[Records for this exercise]

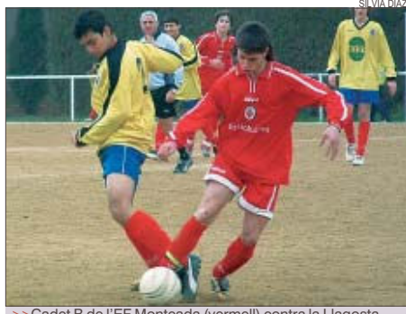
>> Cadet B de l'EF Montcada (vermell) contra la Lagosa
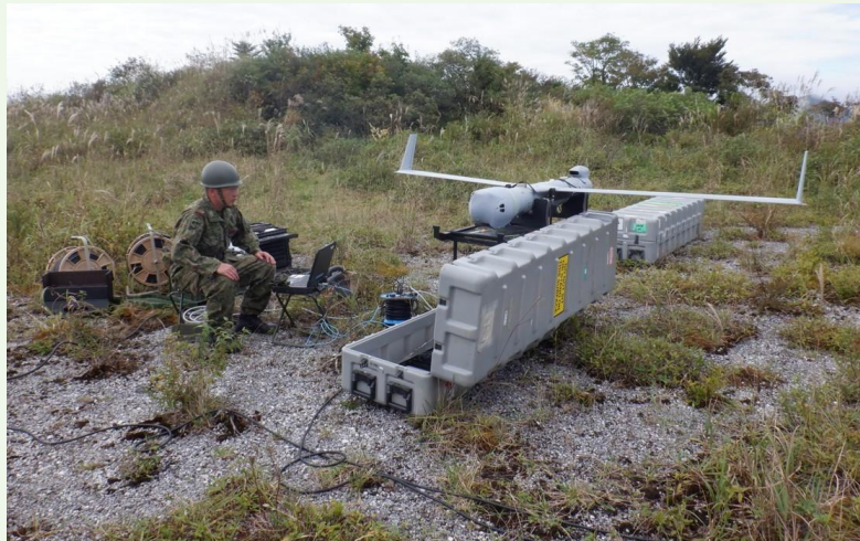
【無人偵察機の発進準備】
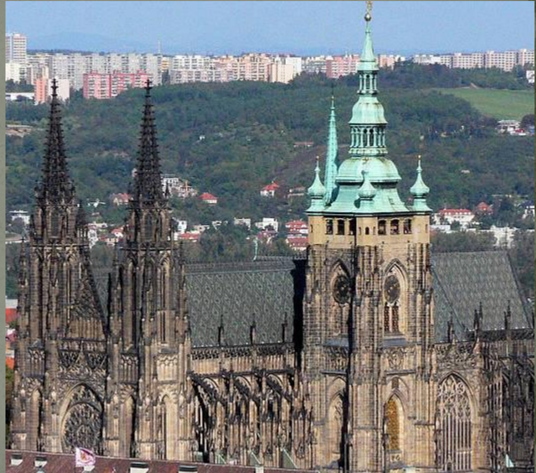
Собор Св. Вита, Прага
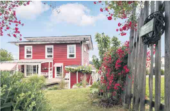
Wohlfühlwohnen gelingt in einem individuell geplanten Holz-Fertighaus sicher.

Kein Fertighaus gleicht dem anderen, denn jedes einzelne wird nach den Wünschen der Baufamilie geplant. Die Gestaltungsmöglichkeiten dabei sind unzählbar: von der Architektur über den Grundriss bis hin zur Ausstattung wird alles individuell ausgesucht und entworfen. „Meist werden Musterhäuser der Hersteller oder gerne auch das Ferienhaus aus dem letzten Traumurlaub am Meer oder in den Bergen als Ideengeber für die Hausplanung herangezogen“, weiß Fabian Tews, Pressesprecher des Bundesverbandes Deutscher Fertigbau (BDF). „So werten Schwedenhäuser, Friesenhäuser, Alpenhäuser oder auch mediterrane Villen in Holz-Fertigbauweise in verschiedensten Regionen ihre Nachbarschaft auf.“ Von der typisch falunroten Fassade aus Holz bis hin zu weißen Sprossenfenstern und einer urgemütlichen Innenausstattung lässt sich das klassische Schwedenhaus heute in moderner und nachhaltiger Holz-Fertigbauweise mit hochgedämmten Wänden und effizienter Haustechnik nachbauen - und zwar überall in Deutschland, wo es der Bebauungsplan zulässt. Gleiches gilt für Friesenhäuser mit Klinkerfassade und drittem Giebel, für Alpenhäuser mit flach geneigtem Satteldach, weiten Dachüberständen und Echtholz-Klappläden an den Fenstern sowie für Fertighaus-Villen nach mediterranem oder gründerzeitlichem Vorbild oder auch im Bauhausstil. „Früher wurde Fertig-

[/Records for this exercise]
[Records for this exercise]

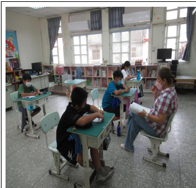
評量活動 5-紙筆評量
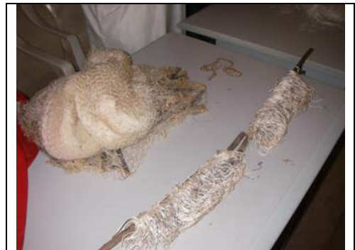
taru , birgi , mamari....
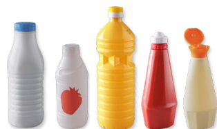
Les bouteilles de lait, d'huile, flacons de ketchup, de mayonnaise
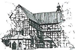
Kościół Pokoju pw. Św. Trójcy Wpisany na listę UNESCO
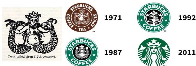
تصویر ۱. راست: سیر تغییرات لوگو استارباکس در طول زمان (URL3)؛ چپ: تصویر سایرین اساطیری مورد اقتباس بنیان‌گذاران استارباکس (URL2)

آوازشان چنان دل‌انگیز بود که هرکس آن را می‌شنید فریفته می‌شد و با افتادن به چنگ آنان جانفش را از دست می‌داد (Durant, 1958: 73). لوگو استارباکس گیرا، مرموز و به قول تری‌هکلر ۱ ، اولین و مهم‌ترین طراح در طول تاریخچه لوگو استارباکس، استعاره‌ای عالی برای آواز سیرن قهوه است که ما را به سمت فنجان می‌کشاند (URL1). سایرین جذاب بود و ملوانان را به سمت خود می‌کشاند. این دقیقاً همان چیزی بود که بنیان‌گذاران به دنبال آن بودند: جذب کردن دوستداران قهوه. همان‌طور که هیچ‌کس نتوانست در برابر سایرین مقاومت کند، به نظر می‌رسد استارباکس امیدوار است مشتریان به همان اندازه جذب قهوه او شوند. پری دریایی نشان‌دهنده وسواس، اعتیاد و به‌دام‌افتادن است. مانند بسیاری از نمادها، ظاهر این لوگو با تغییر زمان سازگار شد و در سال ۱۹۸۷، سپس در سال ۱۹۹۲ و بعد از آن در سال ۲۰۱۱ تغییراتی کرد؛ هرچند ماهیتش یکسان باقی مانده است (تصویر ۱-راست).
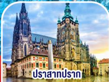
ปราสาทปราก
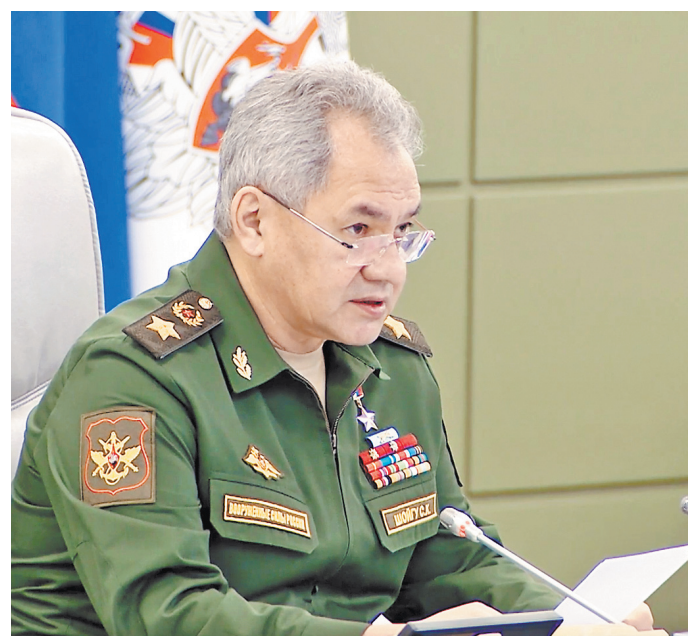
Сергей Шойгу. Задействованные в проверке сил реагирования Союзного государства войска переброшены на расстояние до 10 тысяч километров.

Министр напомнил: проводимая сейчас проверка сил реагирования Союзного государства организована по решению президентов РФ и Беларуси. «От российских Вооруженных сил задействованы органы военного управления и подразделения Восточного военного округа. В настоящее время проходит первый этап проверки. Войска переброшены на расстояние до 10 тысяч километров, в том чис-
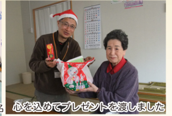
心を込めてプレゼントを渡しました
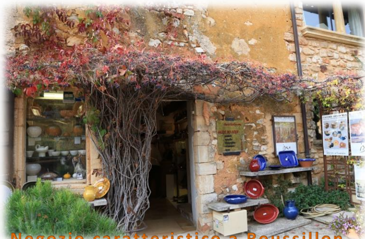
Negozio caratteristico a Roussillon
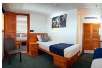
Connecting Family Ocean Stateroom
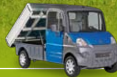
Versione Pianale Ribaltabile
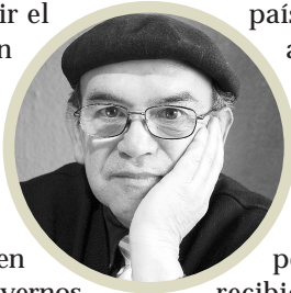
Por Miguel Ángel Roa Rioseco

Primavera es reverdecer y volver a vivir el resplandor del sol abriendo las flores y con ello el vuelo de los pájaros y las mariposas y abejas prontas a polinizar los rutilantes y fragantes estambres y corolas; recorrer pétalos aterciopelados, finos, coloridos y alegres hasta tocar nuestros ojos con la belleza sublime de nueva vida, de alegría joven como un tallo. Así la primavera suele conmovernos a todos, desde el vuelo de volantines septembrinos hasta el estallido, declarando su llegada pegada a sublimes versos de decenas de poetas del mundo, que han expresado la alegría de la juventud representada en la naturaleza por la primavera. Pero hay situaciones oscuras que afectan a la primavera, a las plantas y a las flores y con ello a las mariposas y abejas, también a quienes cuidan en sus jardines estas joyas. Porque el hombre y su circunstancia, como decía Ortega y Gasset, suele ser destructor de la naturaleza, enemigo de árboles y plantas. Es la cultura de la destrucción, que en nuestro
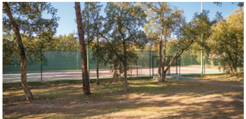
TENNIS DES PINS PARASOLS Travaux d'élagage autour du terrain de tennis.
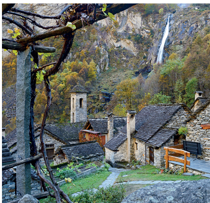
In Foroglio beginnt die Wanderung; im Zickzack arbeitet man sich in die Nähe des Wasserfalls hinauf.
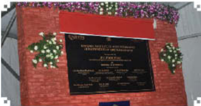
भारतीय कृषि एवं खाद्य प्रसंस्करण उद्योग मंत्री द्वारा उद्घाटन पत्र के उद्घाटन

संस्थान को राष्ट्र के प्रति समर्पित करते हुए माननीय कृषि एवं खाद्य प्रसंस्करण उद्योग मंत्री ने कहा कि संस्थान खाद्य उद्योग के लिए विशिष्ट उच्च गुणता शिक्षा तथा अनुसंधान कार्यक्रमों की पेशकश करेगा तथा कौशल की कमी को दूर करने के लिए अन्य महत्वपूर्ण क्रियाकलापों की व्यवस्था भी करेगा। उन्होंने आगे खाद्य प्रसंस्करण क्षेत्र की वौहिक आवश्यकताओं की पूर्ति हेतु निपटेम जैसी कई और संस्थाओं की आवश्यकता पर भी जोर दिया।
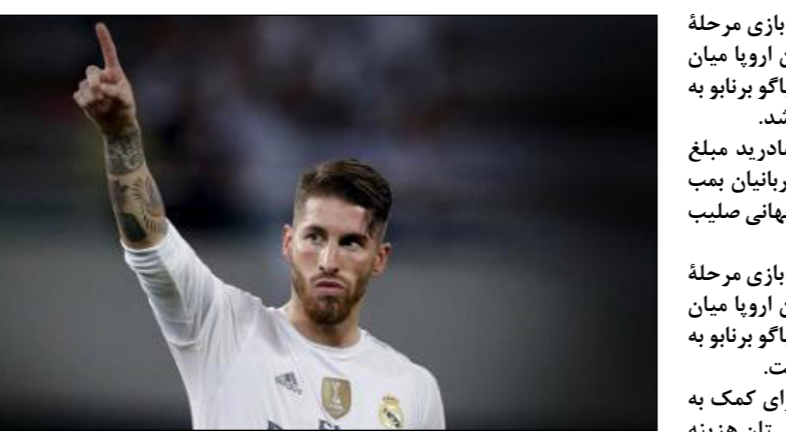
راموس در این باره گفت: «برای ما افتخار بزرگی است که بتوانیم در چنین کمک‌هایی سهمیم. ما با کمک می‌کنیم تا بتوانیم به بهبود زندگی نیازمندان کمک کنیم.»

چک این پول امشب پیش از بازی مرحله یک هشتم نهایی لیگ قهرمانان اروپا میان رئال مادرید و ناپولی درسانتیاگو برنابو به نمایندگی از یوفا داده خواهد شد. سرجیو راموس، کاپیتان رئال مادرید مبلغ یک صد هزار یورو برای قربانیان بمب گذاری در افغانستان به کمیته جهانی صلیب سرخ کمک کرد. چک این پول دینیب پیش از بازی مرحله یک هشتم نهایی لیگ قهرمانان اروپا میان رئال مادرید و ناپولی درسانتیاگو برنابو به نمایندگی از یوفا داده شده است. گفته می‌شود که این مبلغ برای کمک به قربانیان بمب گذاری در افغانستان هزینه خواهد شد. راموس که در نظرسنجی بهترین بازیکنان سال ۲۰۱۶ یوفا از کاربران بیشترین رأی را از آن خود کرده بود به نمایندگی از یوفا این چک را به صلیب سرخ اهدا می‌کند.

[/Records for this exercise]
[Records for this exercise]

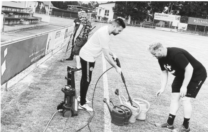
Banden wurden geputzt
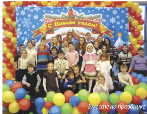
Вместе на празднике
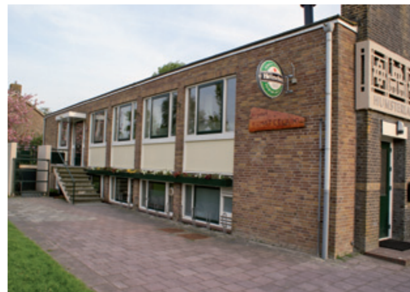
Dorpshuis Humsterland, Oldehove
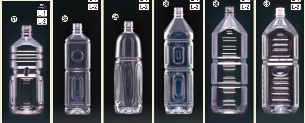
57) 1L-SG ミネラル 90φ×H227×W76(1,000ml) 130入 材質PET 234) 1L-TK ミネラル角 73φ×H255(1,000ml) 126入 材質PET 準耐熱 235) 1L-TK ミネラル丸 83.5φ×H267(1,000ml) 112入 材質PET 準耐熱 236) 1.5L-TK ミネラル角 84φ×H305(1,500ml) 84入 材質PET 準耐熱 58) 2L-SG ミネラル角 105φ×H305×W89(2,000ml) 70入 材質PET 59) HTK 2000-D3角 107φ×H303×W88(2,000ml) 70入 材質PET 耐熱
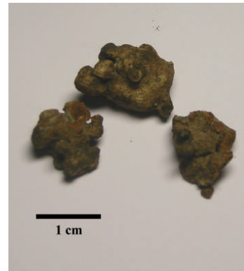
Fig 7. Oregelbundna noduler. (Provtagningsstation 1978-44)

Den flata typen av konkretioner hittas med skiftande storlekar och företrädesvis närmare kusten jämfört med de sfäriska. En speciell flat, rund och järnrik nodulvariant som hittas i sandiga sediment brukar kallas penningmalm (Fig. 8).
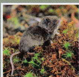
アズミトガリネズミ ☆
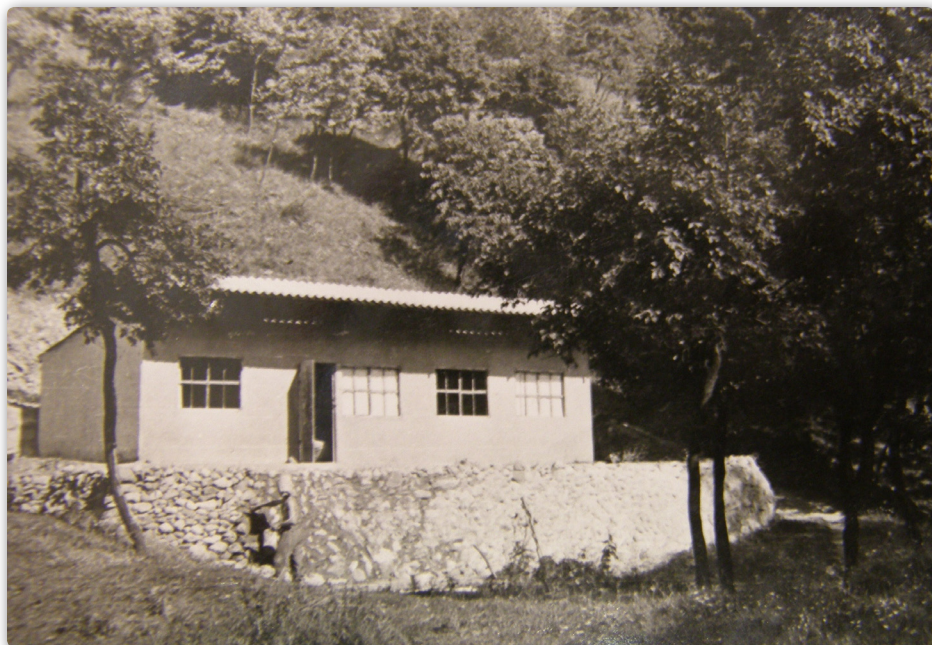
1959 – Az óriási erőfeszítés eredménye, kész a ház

[/Records for this exercise]

Find the line with "contra la Lagosa" in the data above, and from there retype each line exactly through the line with "Wohlfühlwohnen gelingt in", skipping the pictures along the way.

### Worked solution
>> Cadet B de l'EF Montcada (vermell) contra la Lagosa
【無人偵察機の発進準備】
Собор Св. Вита, Прага
Wohlfühlwohnen gelingt in einem individuell geplanten Holz-Fertighaus sicher.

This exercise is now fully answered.